→ What the task requires: Please print out the entries below unchanged and skip the images.

→ Listed records:
════════════════

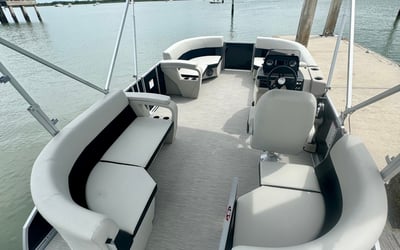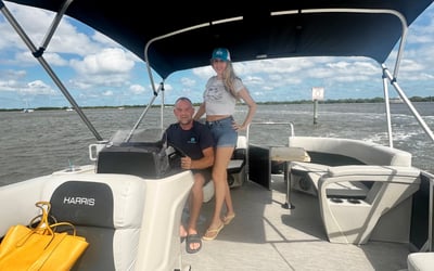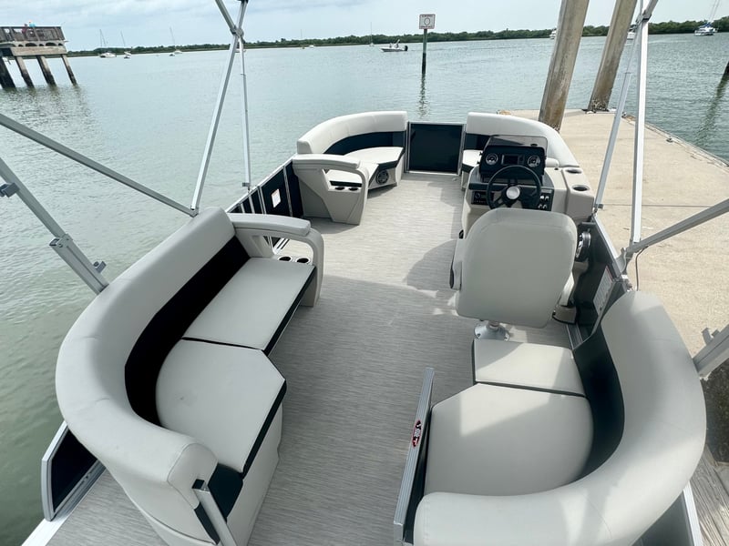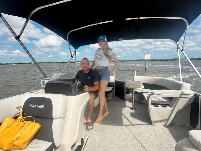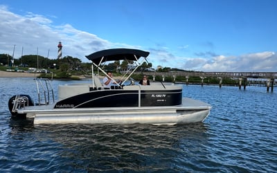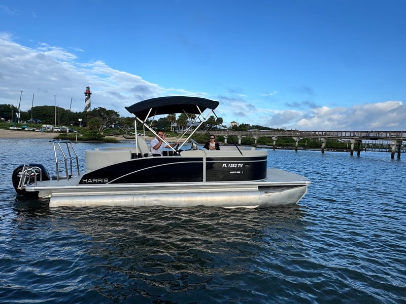 Ride a stable, zippy Harris 21BRZ tritoon on the St. Augustine intercoastal. Enjoy roomy seating, modern features, and power from a Mercury 150hp.
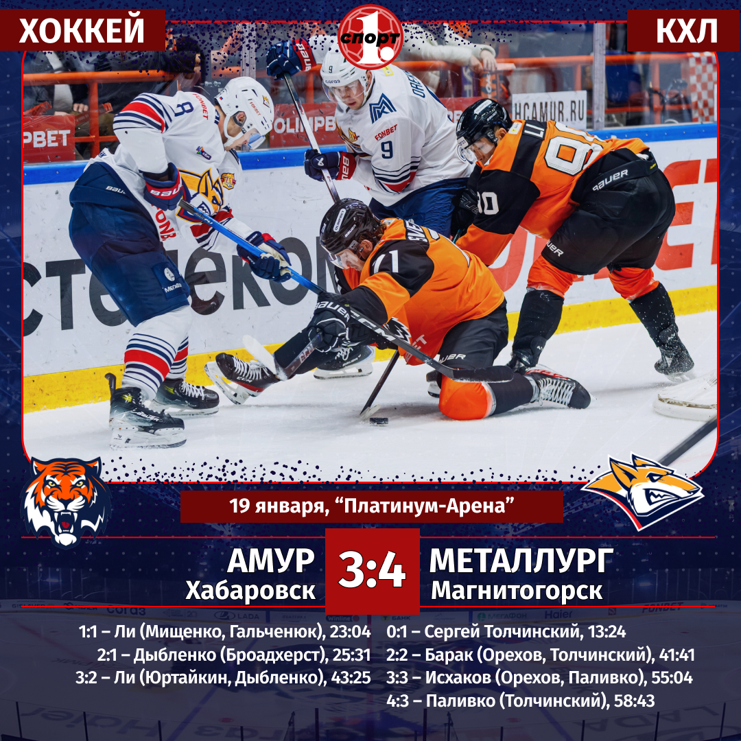 Лидер чемпионата КХЛ магнитогорский «Металлург» одержал непростую победу в чемпионате КХЛ, вырвав ее в концовке гостевого поединка с хабаровским «Амуром» — 4:3. Победу южноуральцам принес точный бросок Данилы Паливко за полторы минуты до финальной сирены. «Металлург» набирает очки уже в 15 играх подряд, продлил он и победную серию до восьми поединков, сообщает корреспондент ИА «Первое областное». «Металлург» и «Амур» находятся на разных полюсах турнирной таблицы. Магнитогорцы уверенно лидируют во всей Лиге, «Амур» цепляется за кубковую восьмерку на «Востоке». Казалось бы, последним очки нужнее, но как из взять, если тебе противостоит объективно лучшая на текущий момент команда чемпионата?! Но «тигры» доказали: если очень захотеть, можно не только покусать сильного оппонента, но и серьезно потрепать ему нервы. Впрочем, первый период завершился в пользу «Металлурга». Это Сергей Толчинский в падении с ползоны нанес неотразимый бросок в паутину ворот дальневосточников — 1:0. Форвард магнит
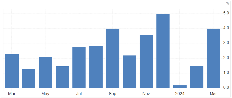 代表美国消费动力与经济情况的零售销售数据同样表现不俗,月增率0.7%,高于经济学家预期的0.3%;换算成年率来到4%,一扫年初仅0.2%的窘境,然而却也无形中加大了市场对于通胀挥之不去的阴影。
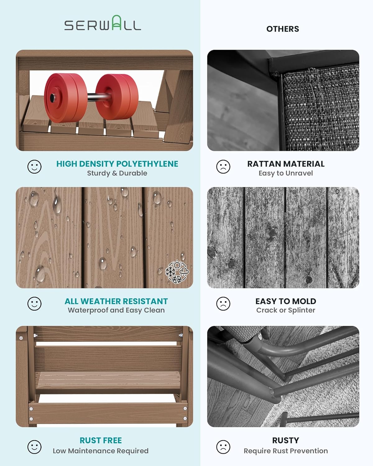 - 【Low Maintenance】HDPE dining table sets required low maintenance. Unlike the Steel dining sets may require rust prevention, SERWALL patio dining table and chairs are easy to clean with just soap and water, requiring minimal effort to keep them looking fresh.
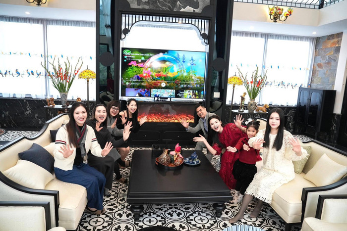Khu vực phòng khách được Phạm Phương Thảo trưng bày hoa tươi đón Tết

════════════════

→ Problem solution:
 Ride a stable, zippy Harris 21BRZ tritoon on the St. Augustine intercoastal. Enjoy roomy seating, modern features, and power from a Mercury 150hp.
 Лидер чемпионата КХЛ магнитогорский «Металлург» одержал непростую победу в чемпионате КХЛ, вырвав ее в концовке гостевого поединка с хабаровским «Амуром» — 4:3. Победу южноуральцам принес точный бросок Данилы Паливко за полторы минуты до финальной сирены. «Металлург» набирает очки уже в 15 играх подряд, продлил он и победную серию до восьми поединков, сообщает корреспондент ИА «Первое областное». «Металлург» и «Амур» находятся на разных полюсах турнирной таблицы. Магнитогорцы уверенно лидируют во всей Лиге, «Амур» цепляется за кубковую восьмерку на «Востоке». Казалось бы, последним очки нужнее, но как из взять, если тебе противостоит объективно лучшая на текущий момент команда чемпионата?! Но «тигры» доказали: если очень захотеть, можно не только покусать сильного оппонента, но и серьезно потрепать ему нервы. Впрочем, первый период завершился в пользу «Металлурга». Это Сергей Толчинский в падении с ползоны нанес неотразимый бросок в паутину ворот дальневосточников — 1:0. Форвард магнит
 代表美国消费动力与经济情况的零售销售数据同样表现不俗,月增率0.7%,高于经济学家预期的0.3%;换算成年率来到4%,一扫年初仅0.2%的窘境,然而却也无形中加大了市场对于通胀挥之不去的阴影。
 - 【Low Maintenance】HDPE dining table sets required low maintenance. Unlike the Steel dining sets may require rust prevention, SERWALL patio dining table and chairs are easy to clean with just soap and water, requiring minimal effort to keep them looking fresh.
Khu vực phòng khách được Phạm Phương Thảo trưng bày hoa tươi đón Tết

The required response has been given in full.